- **Exercise prompt**: Once you find the line below that has "The ASOS Black", output it and every line after it exactly, stopping after the line that has "Dax Clinical HandontsmettingDax", with no pictures.

- **Records**:

============================================================

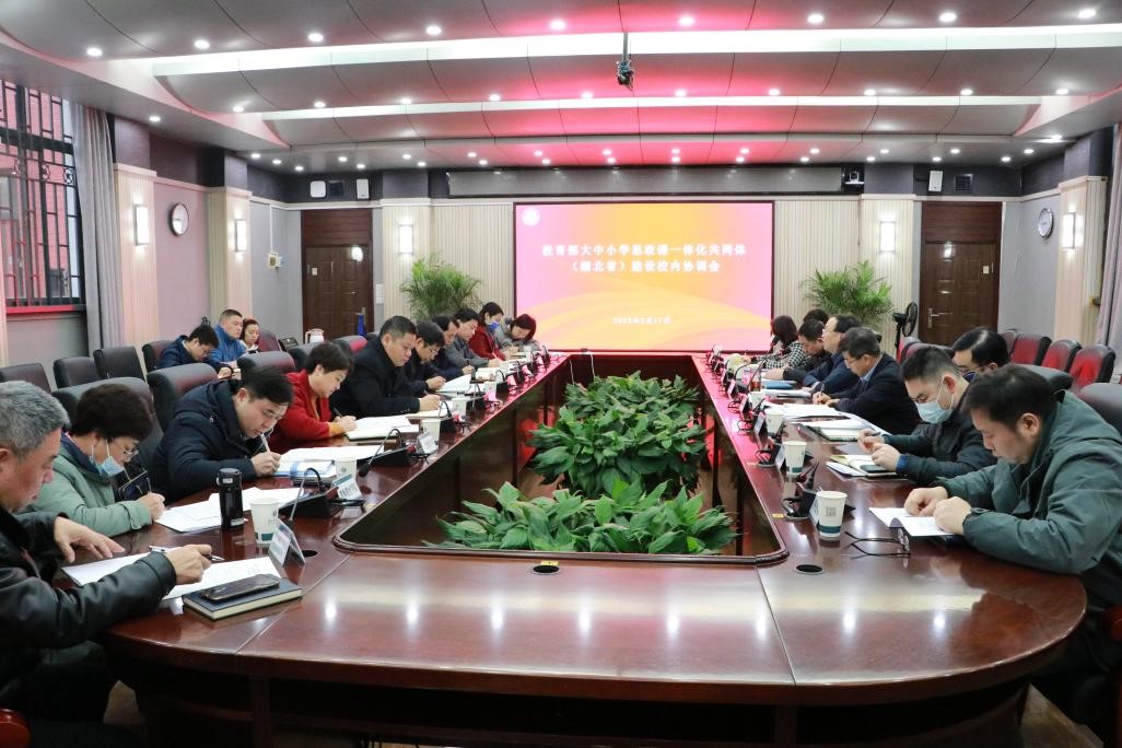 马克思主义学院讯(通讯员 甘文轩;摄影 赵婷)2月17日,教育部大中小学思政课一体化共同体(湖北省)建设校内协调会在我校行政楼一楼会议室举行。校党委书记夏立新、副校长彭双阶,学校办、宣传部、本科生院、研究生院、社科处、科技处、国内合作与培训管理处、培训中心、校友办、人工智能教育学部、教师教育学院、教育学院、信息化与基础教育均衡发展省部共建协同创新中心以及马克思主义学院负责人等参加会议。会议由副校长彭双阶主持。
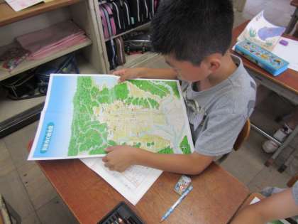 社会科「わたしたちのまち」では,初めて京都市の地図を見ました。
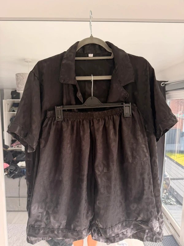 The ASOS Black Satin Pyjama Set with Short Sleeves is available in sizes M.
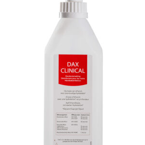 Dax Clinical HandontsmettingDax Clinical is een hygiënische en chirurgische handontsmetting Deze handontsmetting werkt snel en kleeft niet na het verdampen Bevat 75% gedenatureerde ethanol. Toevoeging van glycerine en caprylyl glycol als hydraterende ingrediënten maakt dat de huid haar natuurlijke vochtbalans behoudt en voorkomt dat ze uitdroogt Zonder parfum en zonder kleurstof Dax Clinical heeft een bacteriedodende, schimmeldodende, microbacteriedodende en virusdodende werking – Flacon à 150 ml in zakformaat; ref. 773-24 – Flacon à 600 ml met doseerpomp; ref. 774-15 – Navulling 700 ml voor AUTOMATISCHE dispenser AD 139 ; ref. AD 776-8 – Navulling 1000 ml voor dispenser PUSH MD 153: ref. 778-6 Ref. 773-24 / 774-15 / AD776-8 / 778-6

============================================================

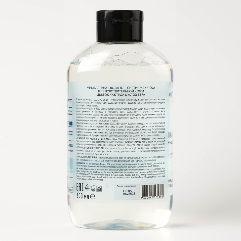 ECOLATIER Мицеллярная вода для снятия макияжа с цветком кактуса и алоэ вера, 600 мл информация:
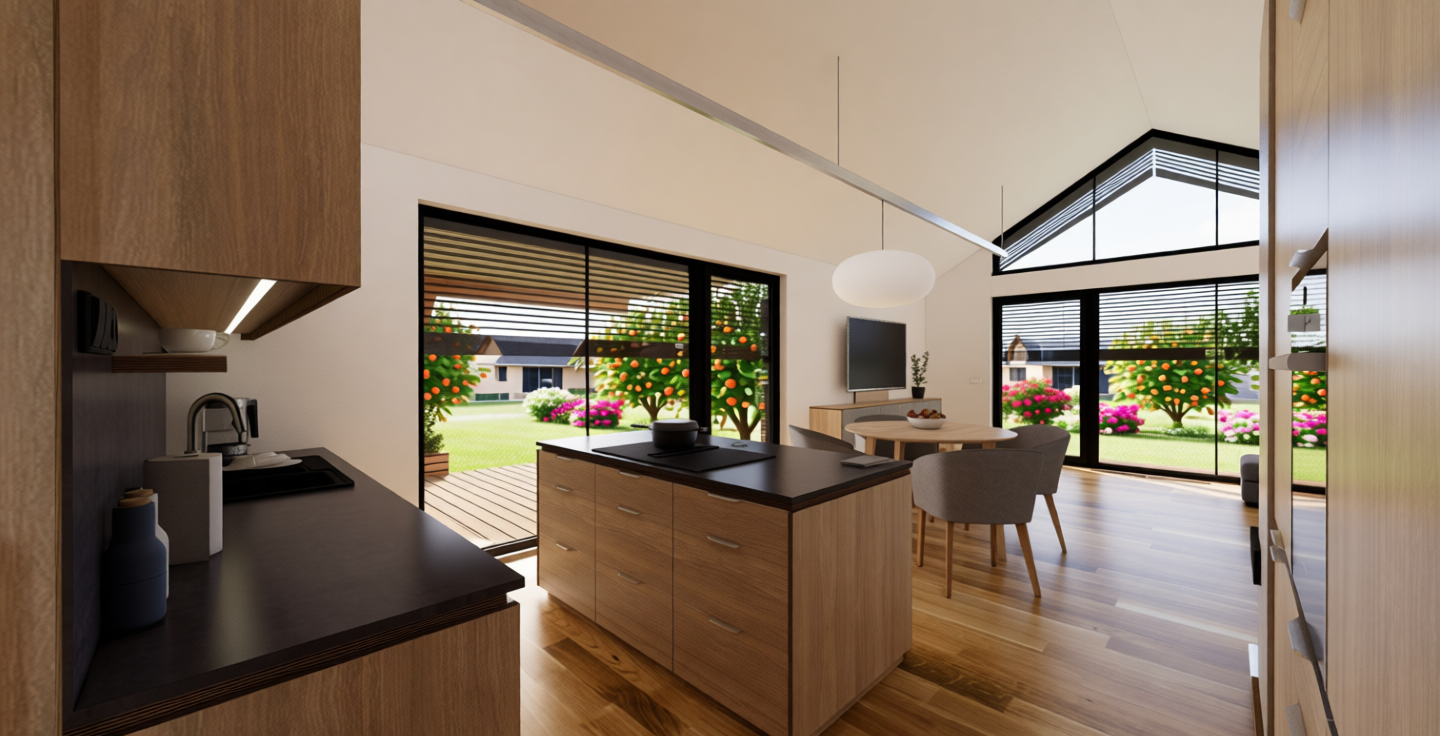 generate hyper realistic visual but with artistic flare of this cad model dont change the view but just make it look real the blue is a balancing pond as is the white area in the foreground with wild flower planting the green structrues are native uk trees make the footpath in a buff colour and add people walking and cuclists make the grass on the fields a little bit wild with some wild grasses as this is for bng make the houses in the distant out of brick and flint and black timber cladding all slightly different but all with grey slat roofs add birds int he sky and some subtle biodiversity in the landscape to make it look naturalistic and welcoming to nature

============================================================

- **Response**:
 The ASOS Black Satin Pyjama Set with Short Sleeves is available in sizes M.
 Dax Clinical HandontsmettingDax Clinical is een hygiënische en chirurgische handontsmetting Deze handontsmetting werkt snel en kleeft niet na het verdampen Bevat 75% gedenatureerde ethanol. Toevoeging van glycerine en caprylyl glycol als hydraterende ingrediënten maakt dat de huid haar natuurlijke vochtbalans behoudt en voorkomt dat ze uitdroogt Zonder parfum en zonder kleurstof Dax Clinical heeft een bacteriedodende, schimmeldodende, microbacteriedodende en virusdodende werking – Flacon à 150 ml in zakformaat; ref. 773-24 – Flacon à 600 ml met doseerpomp; ref. 774-15 – Navulling 700 ml voor AUTOMATISCHE dispenser AD 139 ; ref. AD 776-8 – Navulling 1000 ml voor dispenser PUSH MD 153: ref. 778-6 Ref. 773-24 / 774-15 / AD776-8 / 778-6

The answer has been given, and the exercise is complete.